Economic analysis for cabazitaxel [7, 10]

As a second example of a CMA, the HTA report for the comparison of cabazitaxel (brand name Jevtana) with abiraterone acetate, enzalutamide or radium 223 dichloride was used to treat metastatic castration-resistant prostate cancer, and a verification analysis developed by AOTMiT were used. The methodology of the published economic analysis was as follows:

1.     Disease: metastatic castration-resistant prostate cancer

2.     Comparators: abiraterone acetate, enzalutamide, radium 223 dichloride

3.     Type of analysis: cost minimisation analysis

4.     Basis for adopting the analysis methodology: a comparison of evidence collected in the clinical analysis (naive comparison)

5.     Perspective: an entity obliged to finance public benefits (NFZ) and NFZ + benefit recipient (patient)

6.     The calculation method: the product of the treatment duration and unit costs of individual drugs

7.     Time horizon: 1 year

8.     Discounting: none

9.     Costs included in the analysis: the compared substances, administration of drugs, combination of prednisone/prednisolone, G-CSF prophylaxis, drug programme qualification, monitoring under the drug programme, as well as costs incurred after treatment under the drug programme

10.  Treatment duration: presented in the table below.
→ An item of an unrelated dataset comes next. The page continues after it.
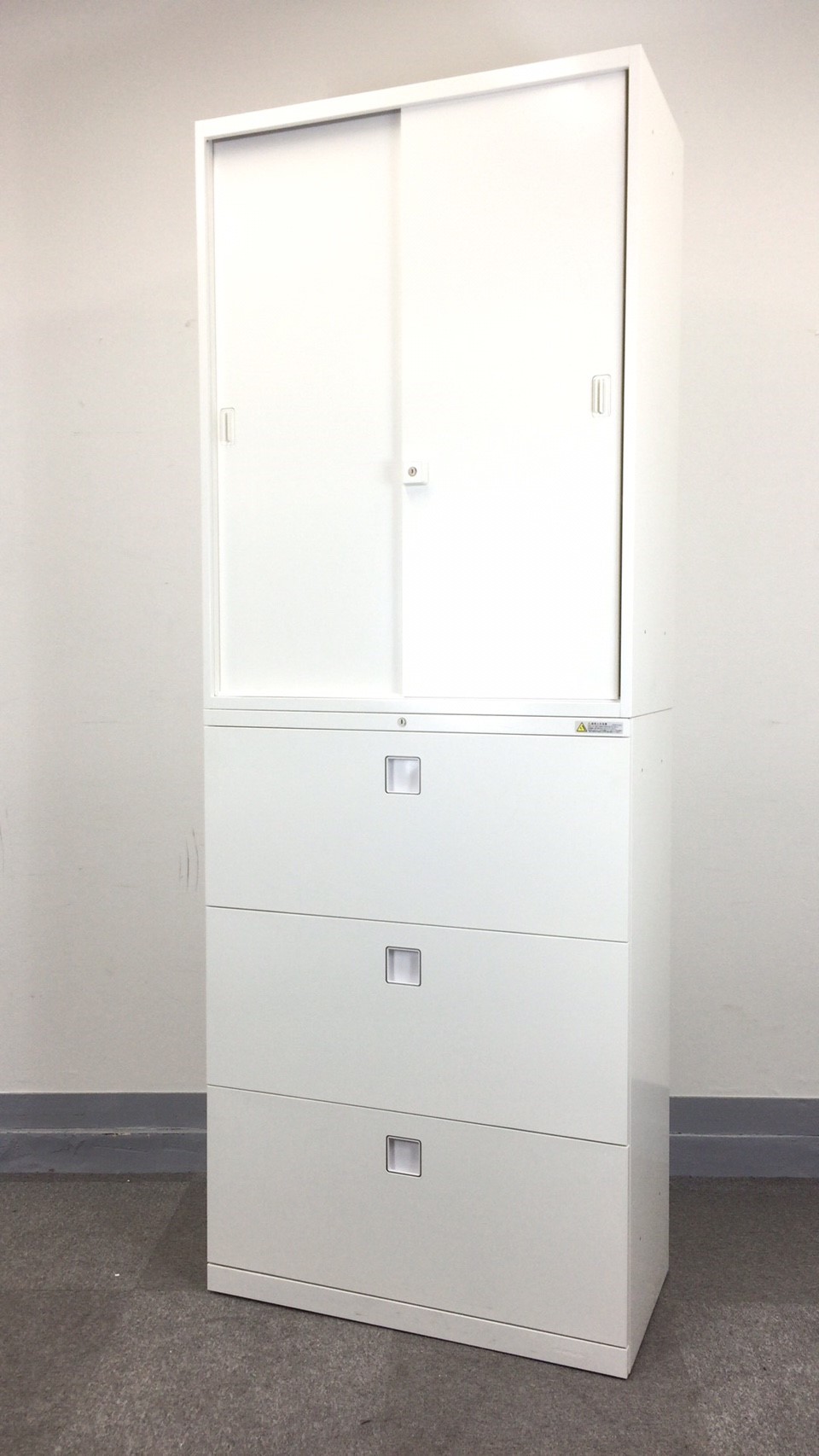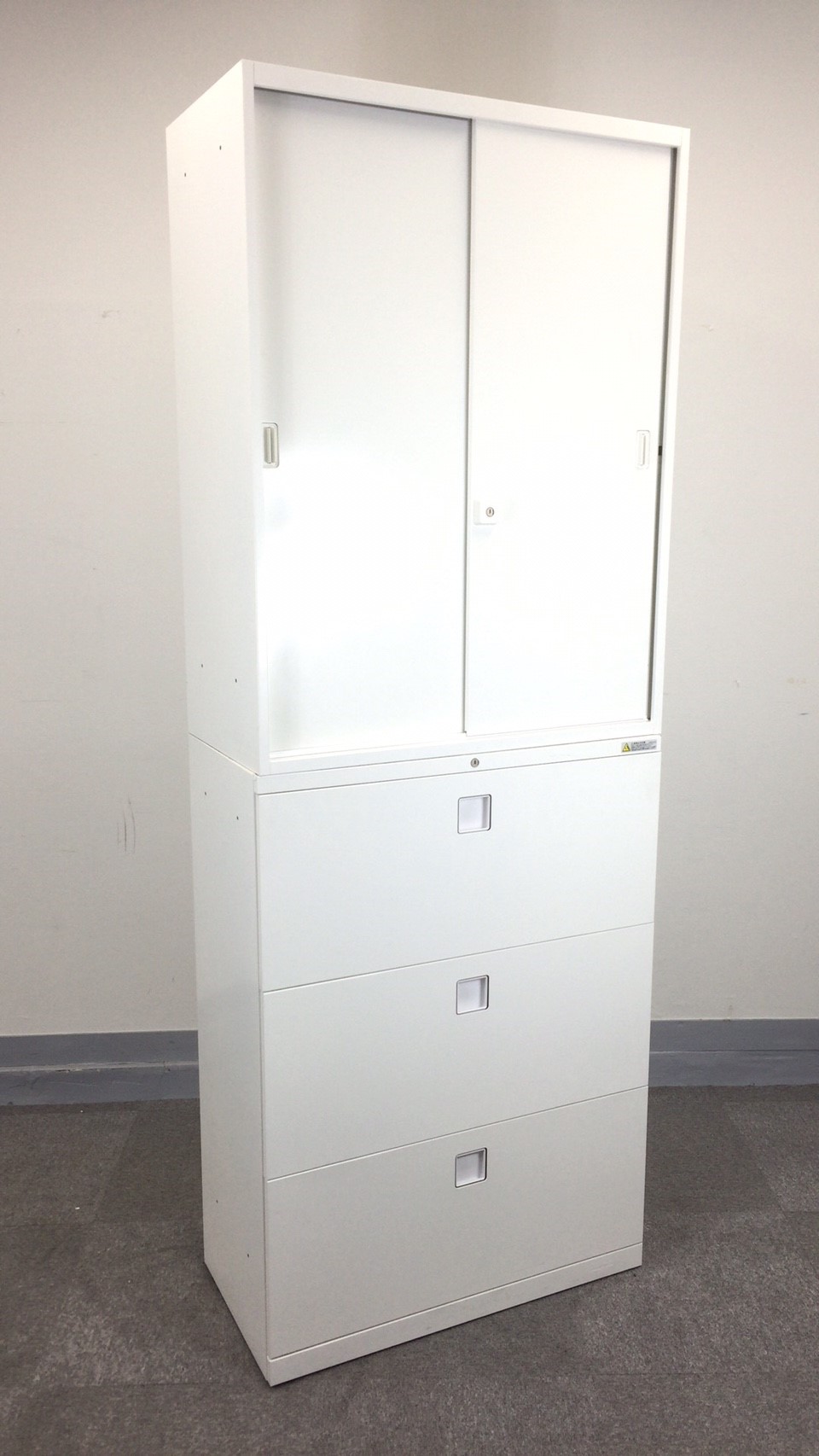 スライド式の扉+引き出しタイプの便利な書庫セットが入荷!使い勝手抜群のハイキャビネットが入荷! ■オカムラ/レクトライン/ホワイト 2枚引き戸+3段ラテラルキャビネット

Table 3. Duration of individual drug therapy in the CMA for cabazitaxel

Drug

Maximum treatment duration

Treatment duration in the analysis

 

Data source

cabazitaxel

10 21-day cycles

6 21-day cycles (126 days)

Median number of cycles from the clinical trial

TROPIC [10]

abiraterone acetate

 

Until loss of effectiveness

5.6 months (=170 days)

Median progression-free survival

AFFIRM and HTA report [3]

 

enzalutamide

 

Until loss of effectiveness

8.3 months (=253 days)

Median progression-free survival

OU-AA-301 and HTA report [3]

 

radium 223 dichloride

 

6 28-day cycles

6 28-day cycles (168 days)

Median number of cycles from the clinical trial

ALSYMPCA [11]

 

A one-year time horizon was adopted in the CMA. The authors of the analysis have made the assumption that all patients survive a year (the assumption is based on median total survival from clinical trials for individual health interventions).
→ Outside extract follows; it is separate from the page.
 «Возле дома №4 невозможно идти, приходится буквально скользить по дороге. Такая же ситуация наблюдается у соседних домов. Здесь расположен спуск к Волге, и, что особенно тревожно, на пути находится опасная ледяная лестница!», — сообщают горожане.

Only parameters available in the trials, determining the treatment duration, were used to calculate the treatment cost. Cabazitaxel and radium 223 dichloride are administered in cycles of 21 and 28 days, respectively, while abiraterone acetate and enzalutamide are administered daily. To determine the treatment duration with cabazitaxel and radium 223 dichloride, medians of the number of therapy cycles were used, and for abiraterone acetate and enzalutamide, median treatment duration was used. The calculations were made by multiplying the unit costs by the appropriate treatment duration; furthermore the other costs and costs incurred after completing treatment under the drug programme were taken into account.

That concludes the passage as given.